Discussions can get a bit heated when someone suggests something totally unsuitable for an individual in a specific situation but that is the value of discussion.


----------



## MrMatt (Dec 21, 2011)

Johnny_kar said:


> I personally do not understand why are people feel offended when they are talking about investment. A good investment is an investment that have above average return and low volatility for an extended period of time, *where the particular tool(s) used are irrelevant*. Why would members resort to personal attack on something so simple??


Need an example, but some tools are stupid.

For example throwing darts at a list of stocks isn't a very good system (IMO)


----------



## Spudd (Oct 11, 2011)

The only real personal attack I can recall is from Rich Day to me when I dissed his penny stocks.


----------



## Rusty O'Toole (Feb 1, 2012)

Some people have fixed ideas on what works and what doesn't because they know what doesn't work for them. If they knew more about successful investors they would know that every one has an approach that fits their beliefs and personality and no two are alike. I have even heard of successful traders who use Elliot waves and astrology. Today nothing would surprise me.
I happen to like the technical approach and it works for me but I know some good investors like Warren Buffet don't think it works at all, even though they must have heard of Jesse Livermore, Jack Dreyfus, Sir John Templeton, the Turtle Traders and others who made millions as technical traders.
But, some people get very agitated and upset when you challenge their world view. It's human nature.


----------



## Rusty O'Toole (Feb 1, 2012)

MrMatt said:


> Need an example, but some tools are stupid.
> 
> For example throwing darts at a list of stocks isn't a very good system (IMO)

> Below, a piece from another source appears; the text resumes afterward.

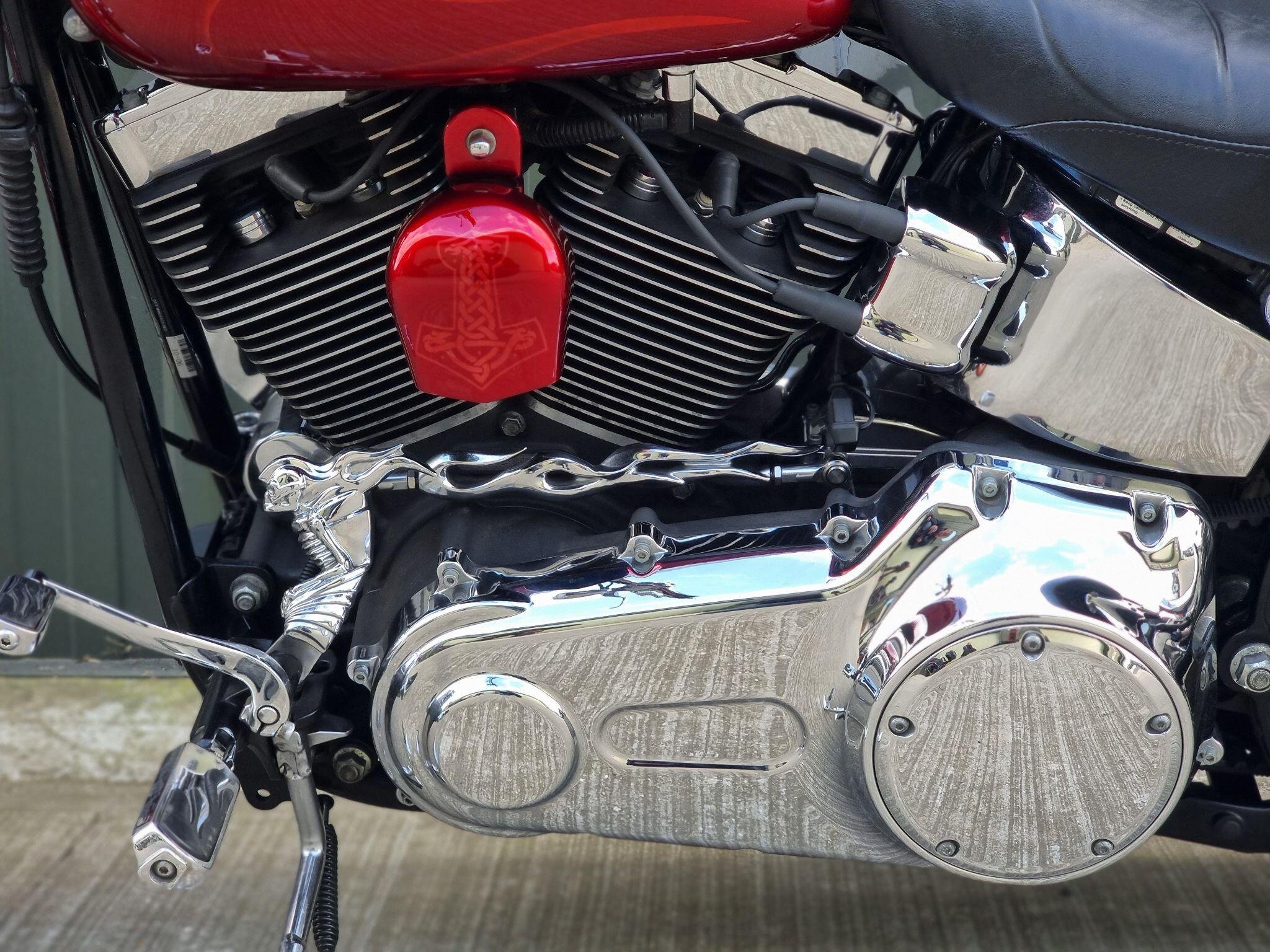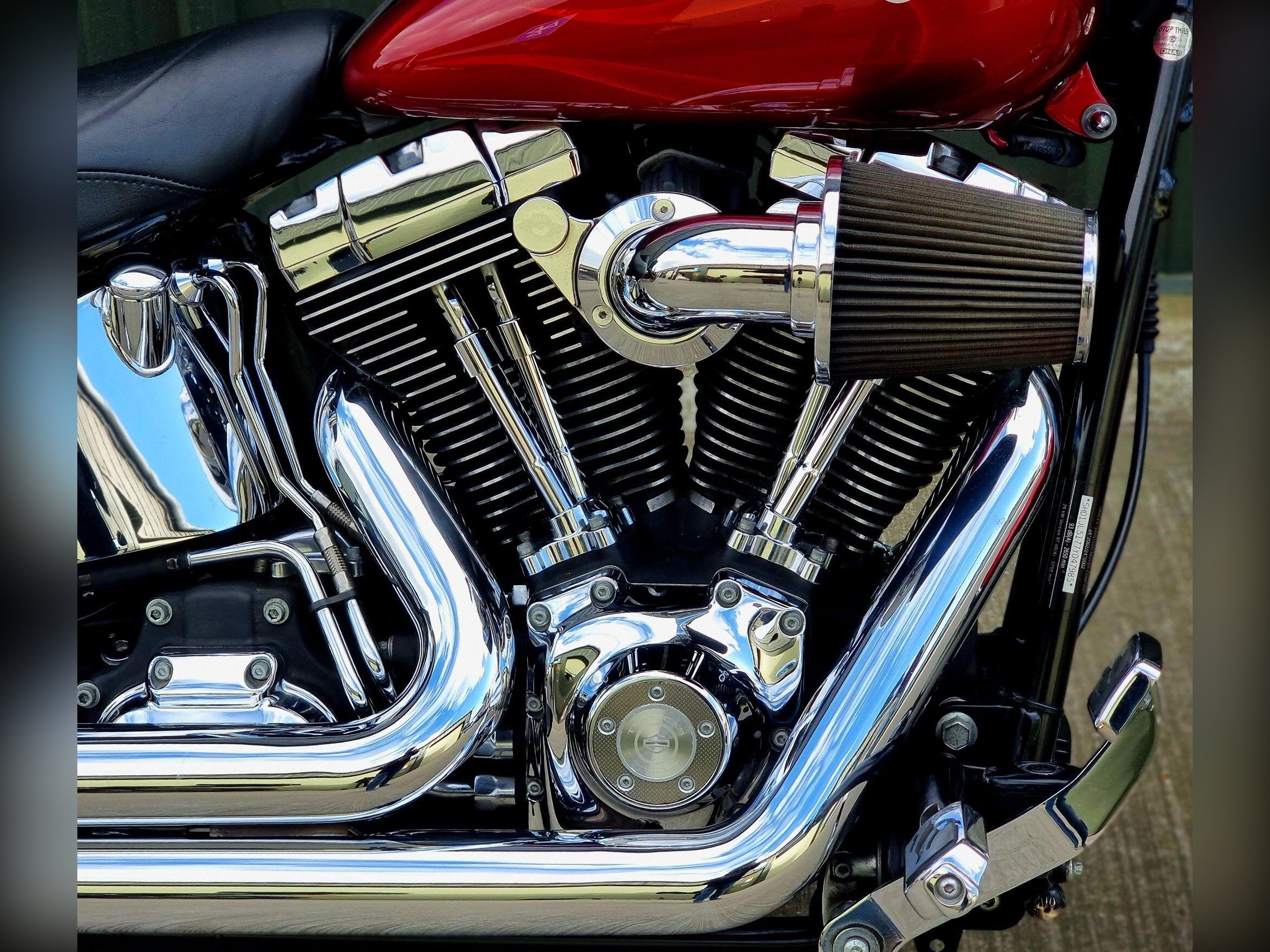 This Harley Davidson Softail Custom FXSTC 1584 is so special. It really needs to be seen to be appreciated. Never seen the rain!!! Chrome everywhere! A striking expensive paint scheme. Looked after by Guildford Harley.
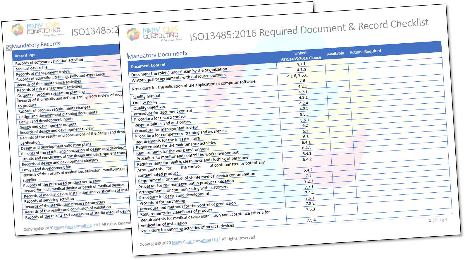 Free Resources - ISO13485 for Medical Devices - Required Documents

Not a real good example, I have seen experiments where they had a monkey throw darts at the stock listings out of a newspaper compared to the recommendations of a stock broker or other expert. The monkey usually won. Reason being that a random selection of stocks has a better chance of gaining over the short term, than market favorites that have already gone up a bunch.








Any Monkey Can Beat The Market


Give a monkey enough darts and they’ll beat the market. So says a draft article by Research Affiliates highlighting the simulated results of 100 monkeys throwing darts at the stock pages in a newspaper. The average monkey outperformed the index by an average of 1.7 percent per year since 1964. [...]




www.forbes.com


----------



## kcowan (Jul 1, 2010)

Too many participants can get caught up on winning an argument!


----------



## ian (Jun 18, 2016)

Some people tend to overthink their investment strategies and transpose this onto to others regardless of the situation.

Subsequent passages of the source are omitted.